• What is needed: Could you reproduce, from the records below, everything from the line with "As we pulled" down to the line with "the old man", keeping both of those lines and changing nothing?
══════════
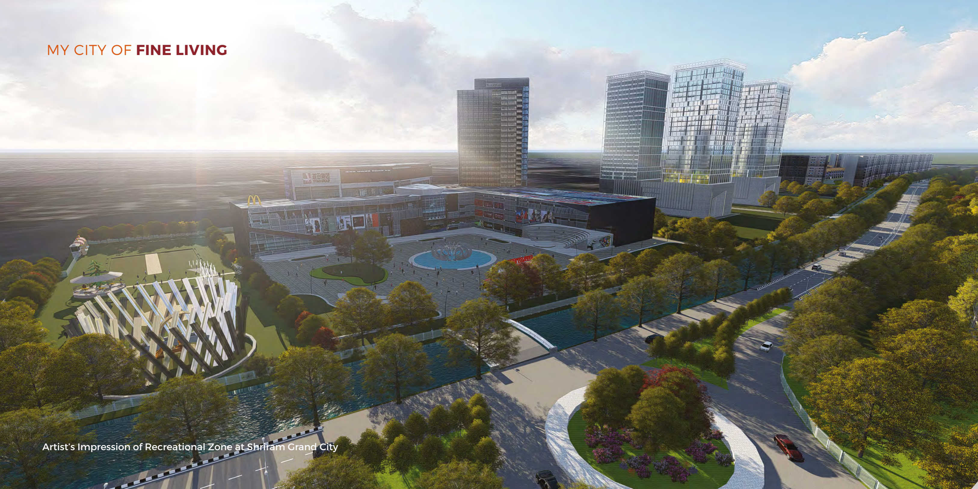
Artist's Impression of Recreational Zone at Shriram Grand City
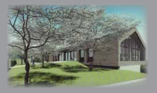
Architect's depiction of the New Cancer Center Southampton, NY
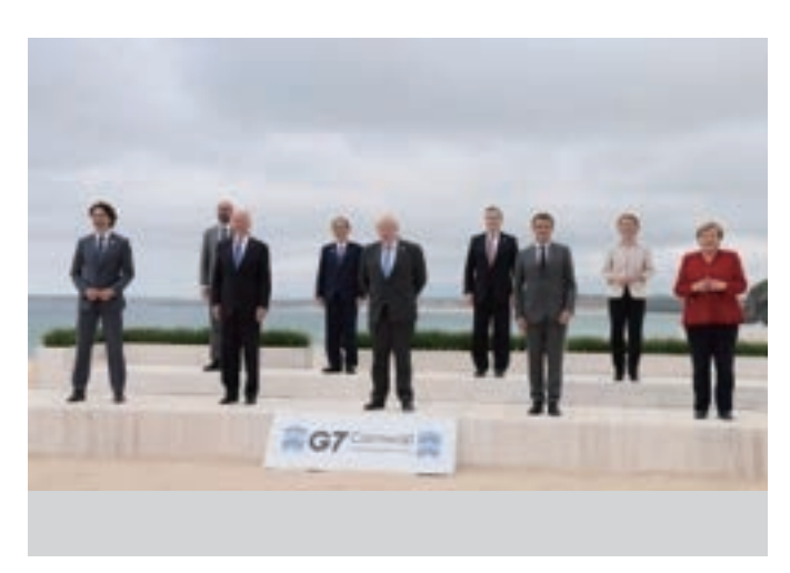
G7 Cornwall Summit (June 2021)

In addition, at the Japan-Australia-India-U.S. Summit Meeting in September 2021, then Prime Minister Suga asked for the leaders' understanding and cooperation towards an immediate resolution of the abductions issue, and gained
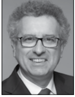
Pierre Gramegna Minister of Finance of the Grand-Duchy of Luxembourg

Pierre Gramegna was born on 22 April, 1958. He is married and has two children.
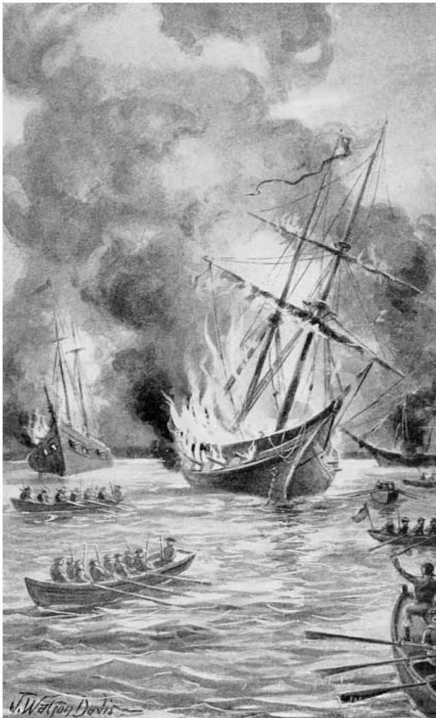
As we pulled away I glanced back at our fleet and saw that the vessels were well on fire. P. 233.

"Have your canoe ready!" the old man cried, addressing Dody Wardwell, who was holding the painter of a small craft which lay under the stern. "I allow that we'll need to leave here in mighty quick time, for when the fire starts it'll run from stem to stern like a flash."
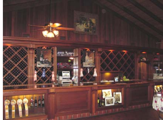
(Left) Ledgewood Creek Winery ~ (Right) Wooden Valley Winery
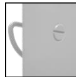
Standard Cam Latch
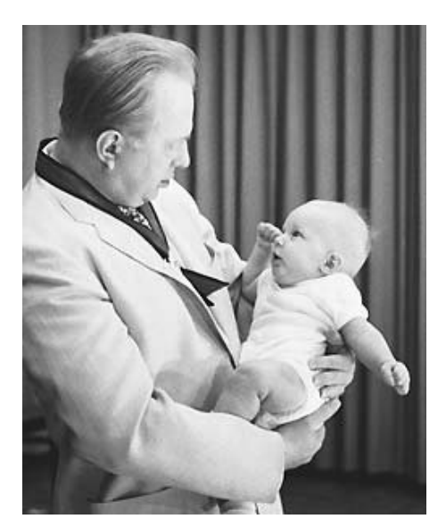
The A-R-C Triangle
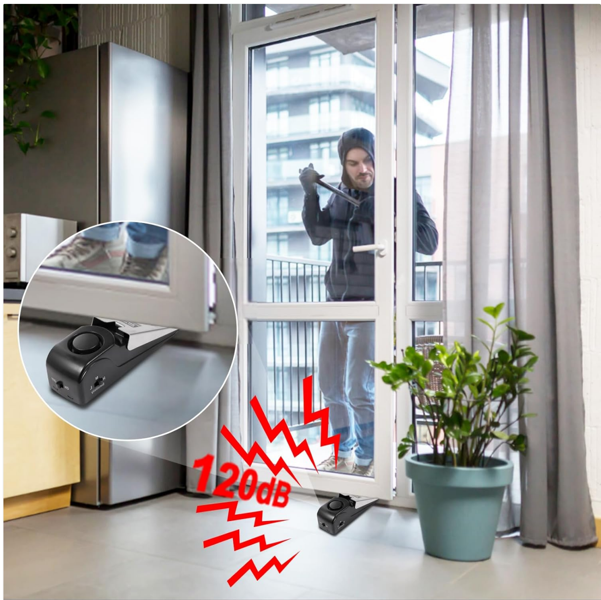
Figure 3: The door stop alarm actively deterring an intruder.
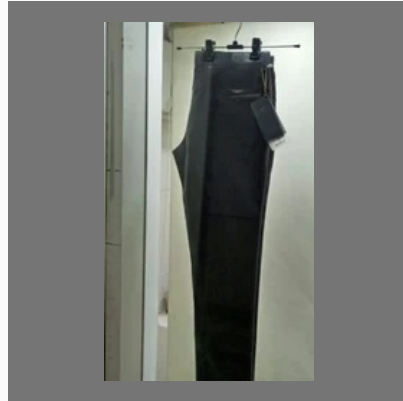
Black Casual Pant
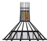
Metropolitan Cathedral of Christ the King Liverpool

During 2024 the Metropolitan Cathedral are celebrating the return of their restored grand organ with a series of concerts and events that will demonstrate the versatility of the instrument.
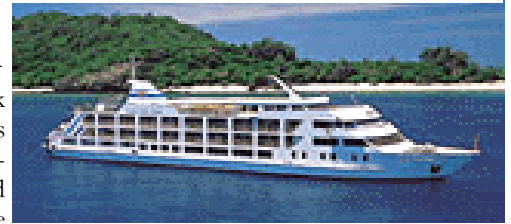
THE GRAND MV REEF ESCAPE

Captain Cook Cruises is the best way to discover the real Fiji. Every cruise is designed to offer guests an authentic and personal experience in style.
══════════
• Response area:
As we pulled away I glanced back at our fleet and saw that the vessels were well on fire. P. 233.

"Have your canoe ready!" the old man cried, addressing Dody Wardwell, who was holding the painter of a small craft which lay under the stern. "I allow that we'll need to leave here in mighty quick time, for when the fire starts it'll run from stem to stern like a flash."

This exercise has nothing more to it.